-------- DATA RECORDS --------
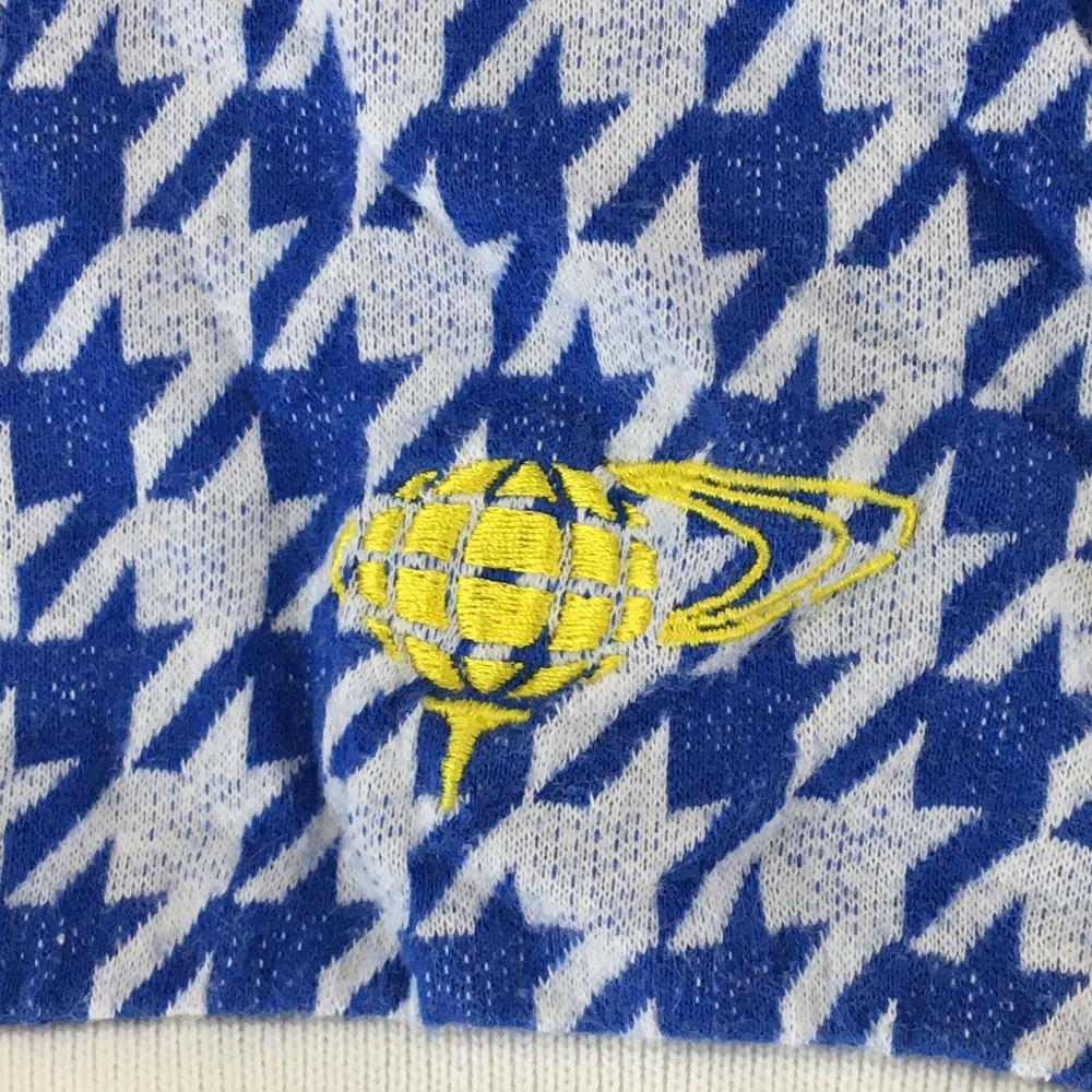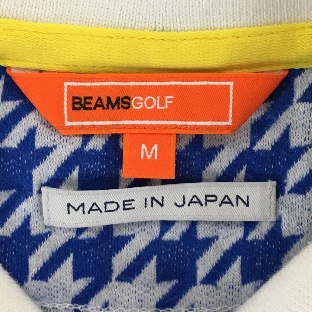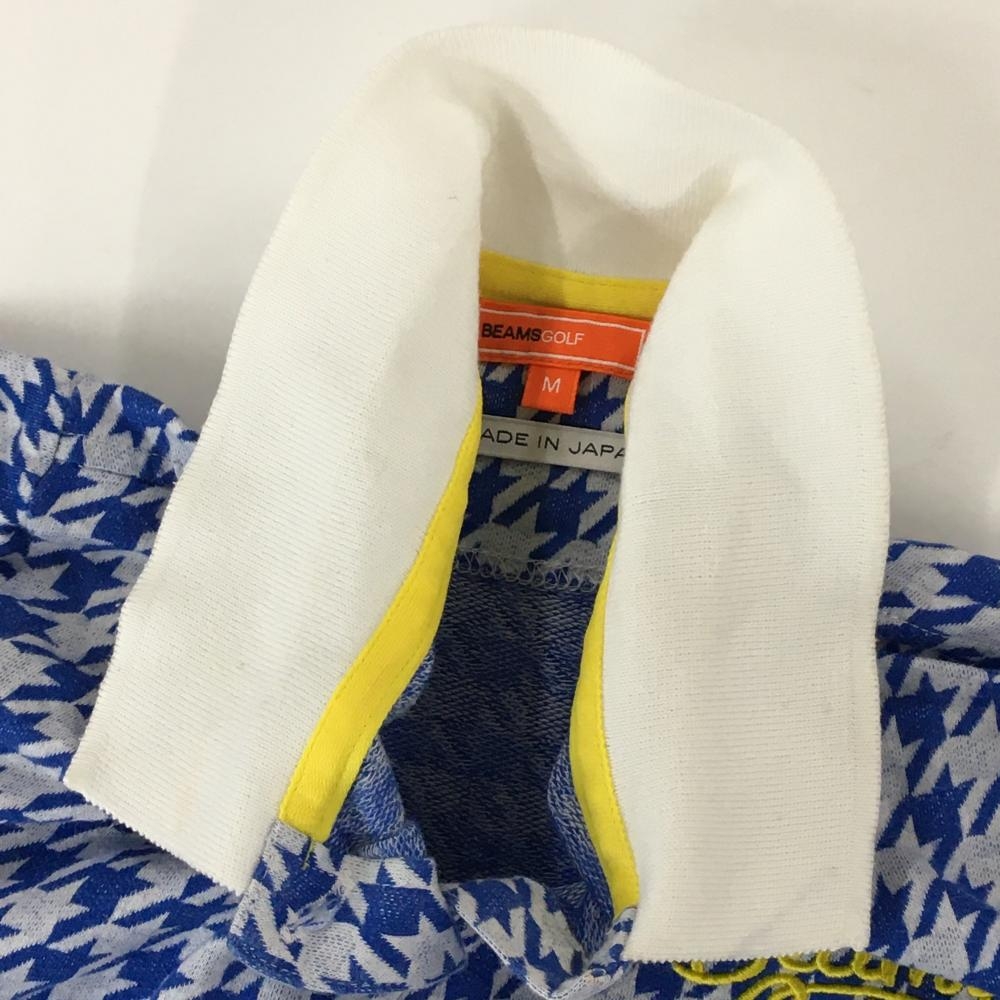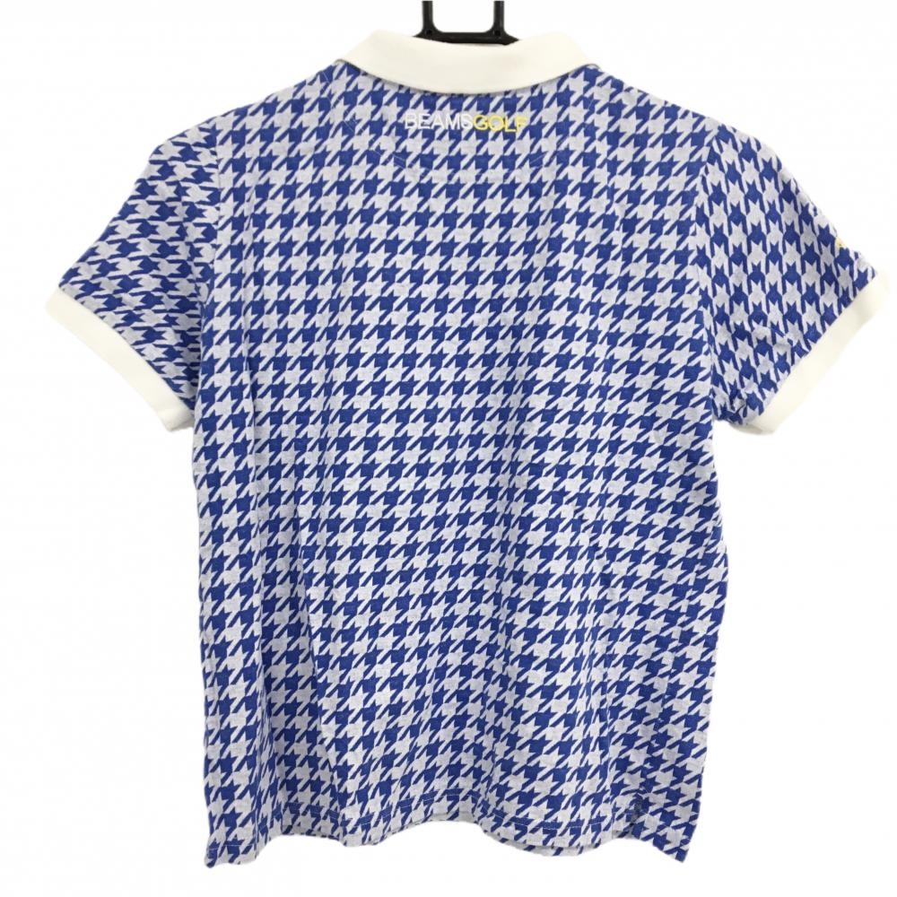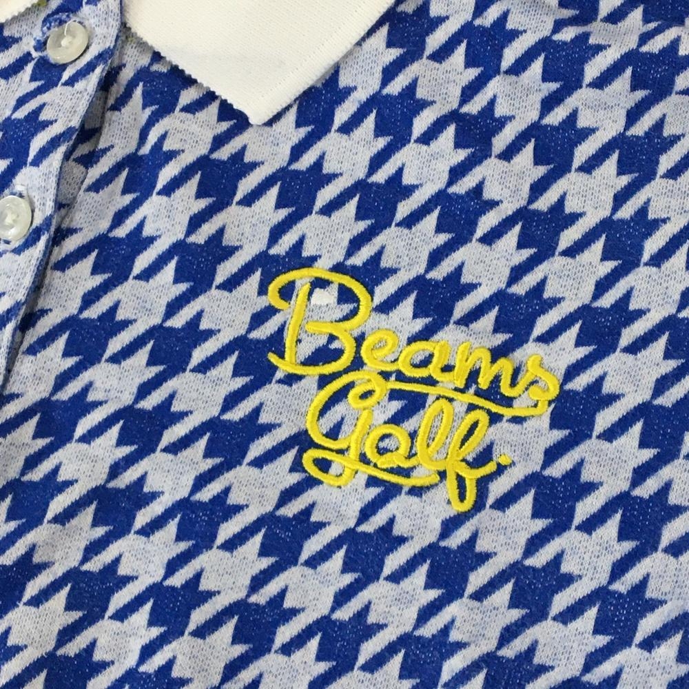ビームスゴルフ 半袖ポロシャツ ブルー×白 千鳥格子 ロゴ刺しゅう レディース M ゴルフウェア BEAMS GOLF
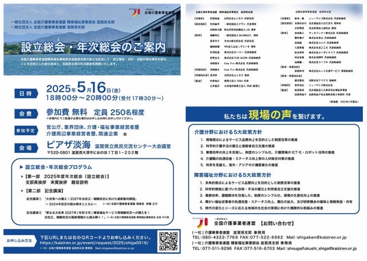滋賀支部の設立を記念し、2025年5月16日(金)に設立総会を開催 いたします。 この総会では、全介連の活動方針や滋賀支部の具体的な取り組みについてご説明し、県内の介護・障害福祉事業者の皆様と意見交換を行う予定です。
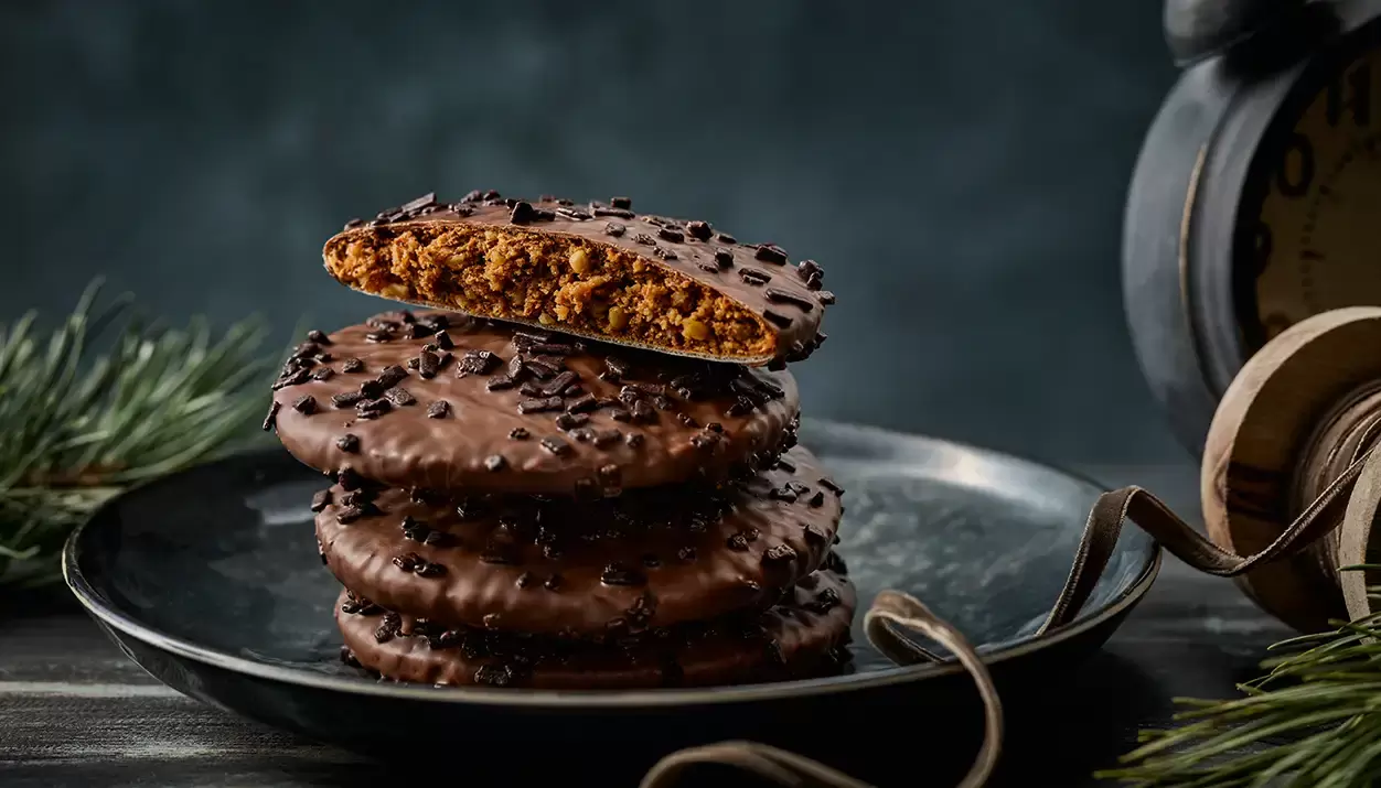In particular cases, some modifications of this document's contents may have been effected after publication. Therefore, please kindly check the ingredient list and the nutritional information on the product packaging itself before consumption. Nuremberg Elisen-Gingerbread (Lebkuchen) cookies with whole milk chocolate and chocolate flakes
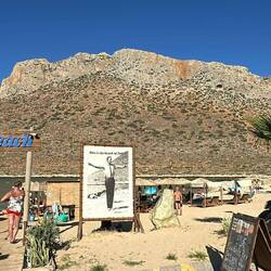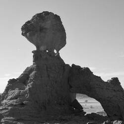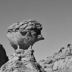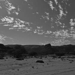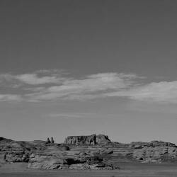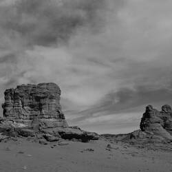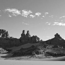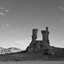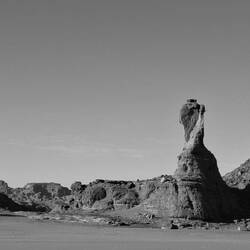 Mittwoch. Aufwachen in Tatrat. Schlecht geschlafen, da das Zelt auf schiefem Untergrund stand. Über der leicht gesellten sandigen Fläche, wo alle ihr Nachträge fanden, eine Felsformation, die König und Königin genannt wird. Die Landschaft hatte trotz der aufkommenden Sonne, dem Sandstein oder dem blauen Himmel nichts Mediterranes mehr, nichts Griechisches, Süditalienisches, Kretisches oder Zypriotisches. Zwischen den Bergen gab es weite dürrr Sand- oder Geröllflächen, die Szenerie und der weite Himmel erinnerten an Western von John Ford. Das unterbelichtete Schwarz-Weiß suggerierte die Nacht im Vollmond.
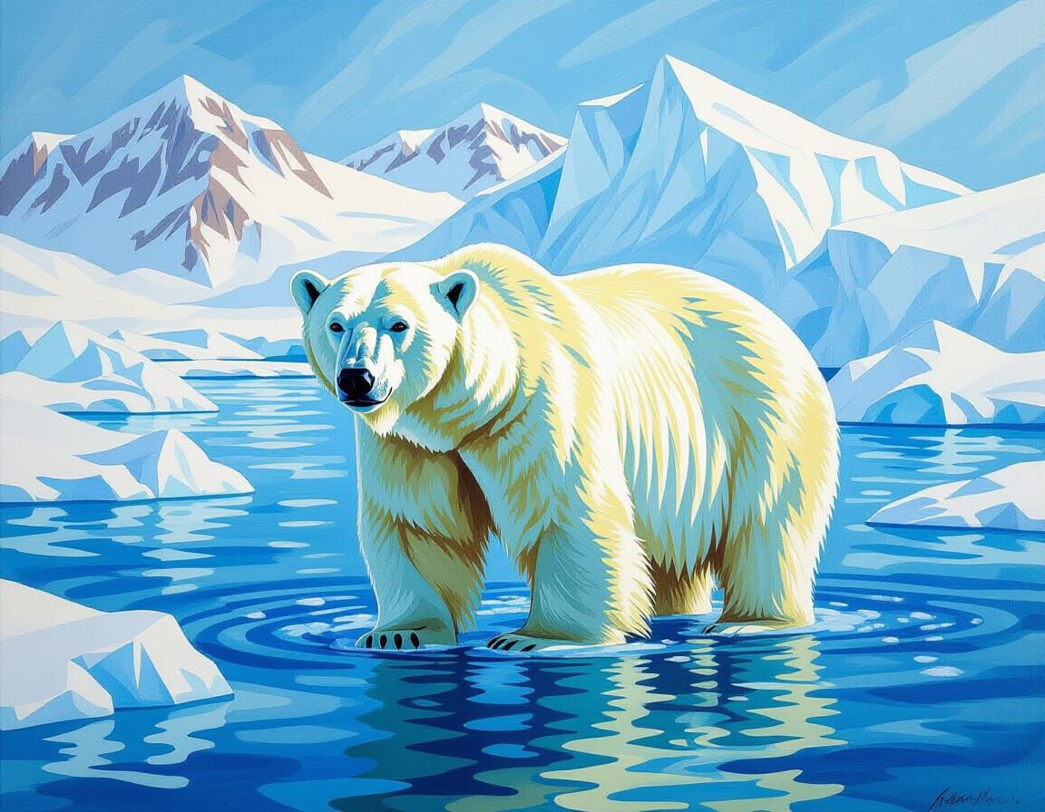 A detailed gouache painting of a polar bear in its Arctic habitat. The vibrant artwork features icy waters, snow-covered icebergs, and a thick-coated bear depicted with expressive brushstrokes.
--------
Repeat the data exactly, excluding the pictures.

▶ _RESPONSE FOR THIS EXERCISE_
ビームスゴルフ 半袖ポロシャツ ブルー×白 千鳥格子 ロゴ刺しゅう レディース M ゴルフウェア BEAMS GOLF
滋賀支部の設立を記念し、2025年5月16日(金)に設立総会を開催 いたします。 この総会では、全介連の活動方針や滋賀支部の具体的な取り組みについてご説明し、県内の介護・障害福祉事業者の皆様と意見交換を行う予定です。
In particular cases, some modifications of this document's contents may have been effected after publication. Therefore, please kindly check the ingredient list and the nutritional information on the product packaging itself before consumption. Nuremberg Elisen-Gingerbread (Lebkuchen) cookies with whole milk chocolate and chocolate flakes
 Mittwoch. Aufwachen in Tatrat. Schlecht geschlafen, da das Zelt auf schiefem Untergrund stand. Über der leicht gesellten sandigen Fläche, wo alle ihr Nachträge fanden, eine Felsformation, die König und Königin genannt wird. Die Landschaft hatte trotz der aufkommenden Sonne, dem Sandstein oder dem blauen Himmel nichts Mediterranes mehr, nichts Griechisches, Süditalienisches, Kretisches oder Zypriotisches. Zwischen den Bergen gab es weite dürrr Sand- oder Geröllflächen, die Szenerie und der weite Himmel erinnerten an Western von John Ford. Das unterbelichtete Schwarz-Weiß suggerierte die Nacht im Vollmond.
 A detailed gouache painting of a polar bear in its Arctic habitat. The vibrant artwork features icy waters, snow-covered icebergs, and a thick-coated bear depicted with expressive brushstrokes.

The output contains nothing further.